* RECORDED DATA *
-=-=-=-=-

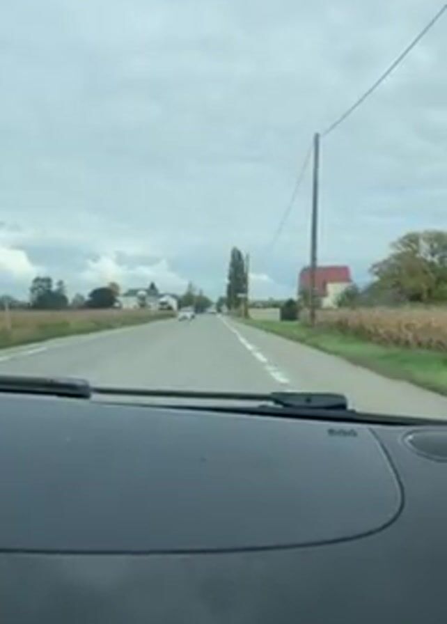 car's dashboard view while driving on a straight road. The sky is overcast, and the landscape features fields, trees, houses, and utility poles alongside the road. A few cars are visible in the distance.
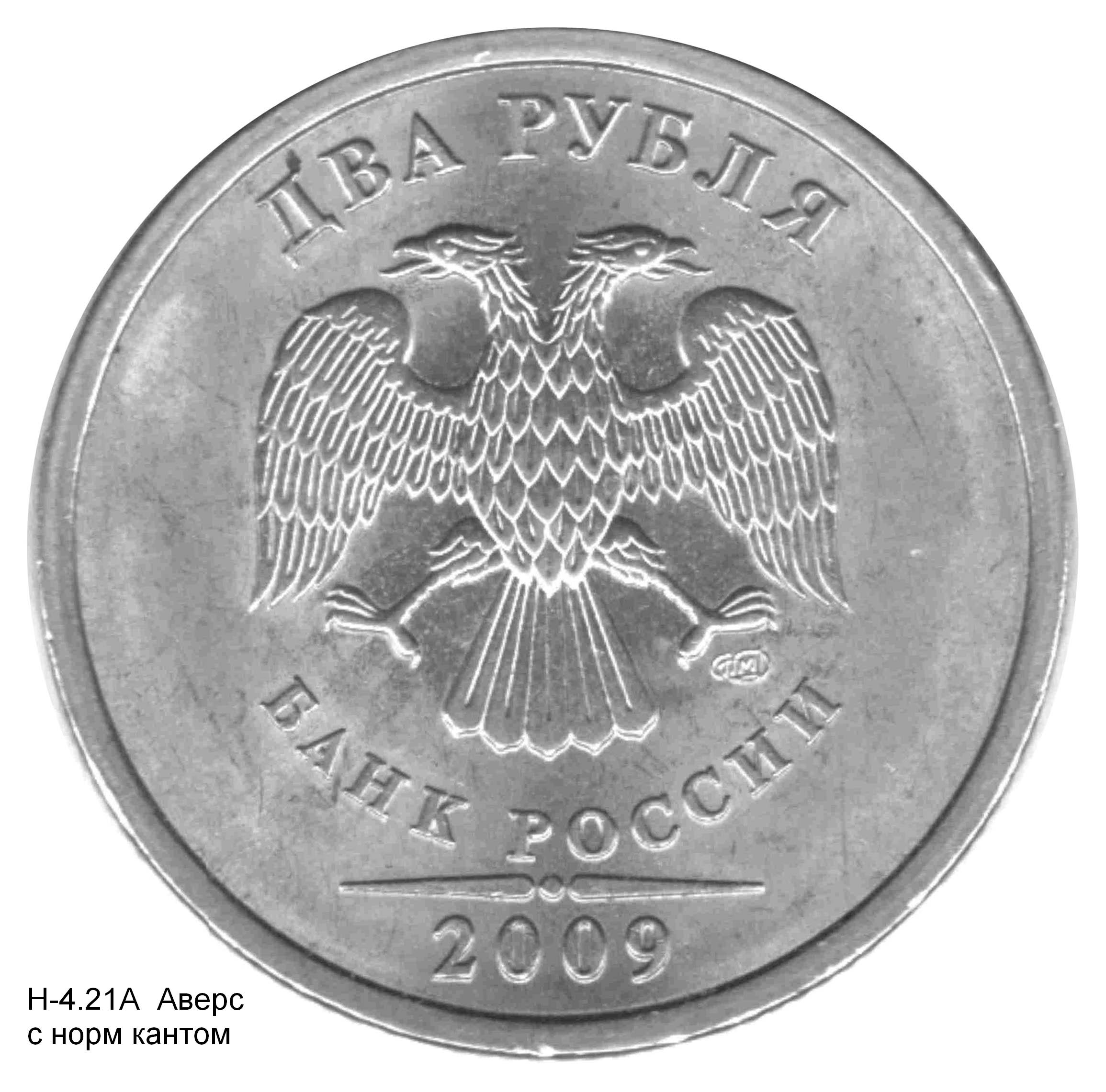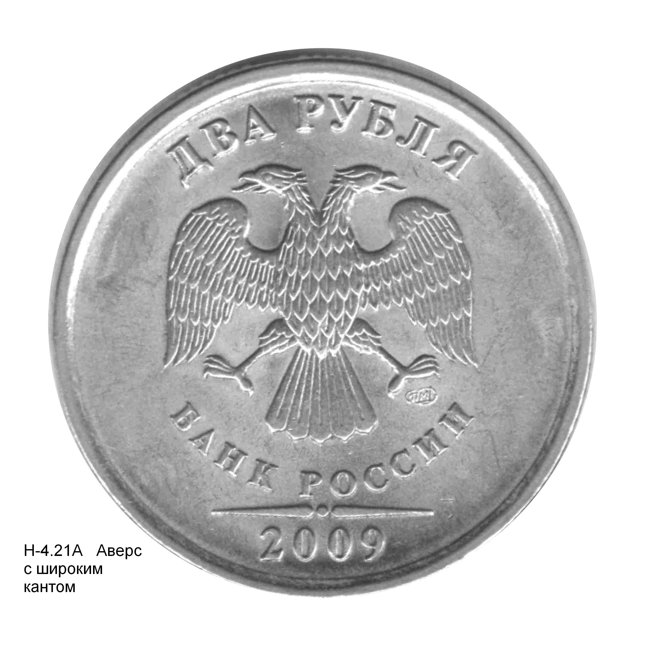 2009года номиналом 2 рубля шт.Н-4.21А оказалась одна у которой круговая надпись на аверсе визуально выглядела более приближенной к защитному канту, чем на остальных. По замерам экранной линейкой – изображение(орел) практически одинаковое (в пикселях 1347 против 1345), а поле значительно уже (1986 против 1998), то есть кант шире. Циркулем то же ловиться разница.
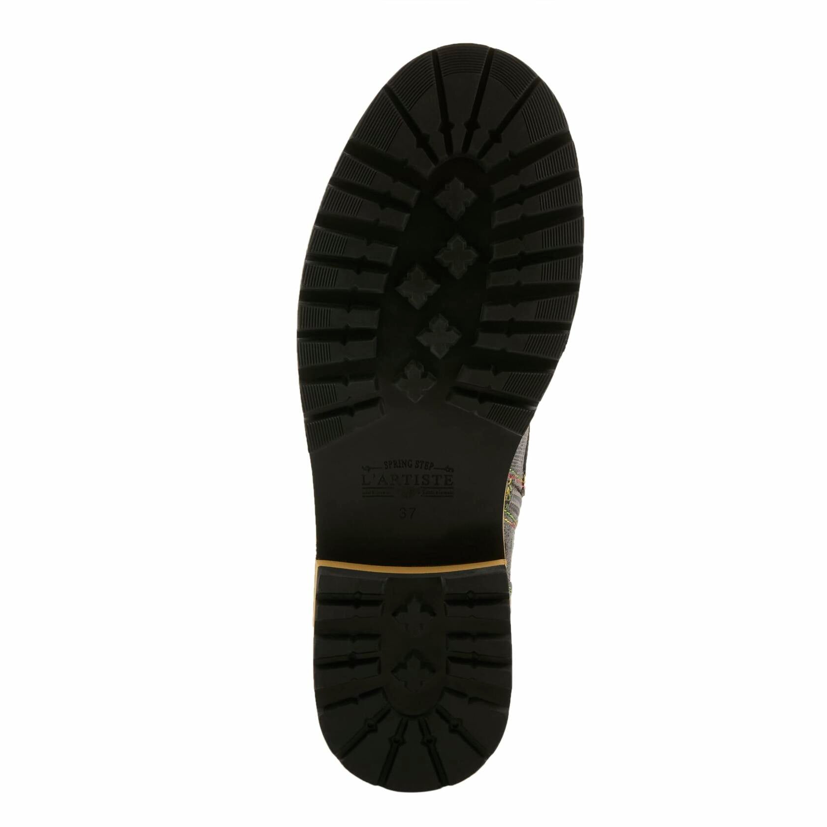 The L'Artiste Rugup Bootie is a stylish and comfortable ankle boot that’s sure to stand out. Made with a mix of crinkle, metallic and embossed leather, these hand painted boots are truly unique. Decorative studs, rainbow stitching and a two tone sole add a touch of elegance to every step. Inside, the soft faux fur lining and cushioned insole keep your feet warm and cozy, making them perfect for wearing all day. The lace up front lets you adjust the fit and the side zipper makes them easy to slip on and off. These boots are not only beautiful but also practical, with a durable rubber sole that gives you great grip on all kinds of surfaces. They have a 2-inch heel, a 3/4-inch platform, a 5 1/4-inch shaft height and an adjustable fit 9-11 inch circumference, making them both stylish and comfortable. Whether you're dressing up for a night out or keeping it casual, the L'Artiste Rugup Bootie is a versatile choice for any occasion.

-=-=-=-=-

* PROBLEM TO WORK ON *
Repeat the listing exactly, minus its pictures.

* ANSWER FOR THIS EXERCISE *
 car's dashboard view while driving on a straight road. The sky is overcast, and the landscape features fields, trees, houses, and utility poles alongside the road. A few cars are visible in the distance.
 2009года номиналом 2 рубля шт.Н-4.21А оказалась одна у которой круговая надпись на аверсе визуально выглядела более приближенной к защитному канту, чем на остальных. По замерам экранной линейкой – изображение(орел) практически одинаковое (в пикселях 1347 против 1345), а поле значительно уже (1986 против 1998), то есть кант шире. Циркулем то же ловиться разница.
 The L'Artiste Rugup Bootie is a stylish and comfortable ankle boot that’s sure to stand out. Made with a mix of crinkle, metallic and embossed leather, these hand painted boots are truly unique. Decorative studs, rainbow stitching and a two tone sole add a touch of elegance to every step. Inside, the soft faux fur lining and cushioned insole keep your feet warm and cozy, making them perfect for wearing all day. The lace up front lets you adjust the fit and the side zipper makes them easy to slip on and off. These boots are not only beautiful but also practical, with a durable rubber sole that gives you great grip on all kinds of surfaces. They have a 2-inch heel, a 3/4-inch platform, a 5 1/4-inch shaft height and an adjustable fit 9-11 inch circumference, making them both stylish and comfortable. Whether you're dressing up for a night out or keeping it casual, the L'Artiste Rugup Bootie is a versatile choice for any occasion.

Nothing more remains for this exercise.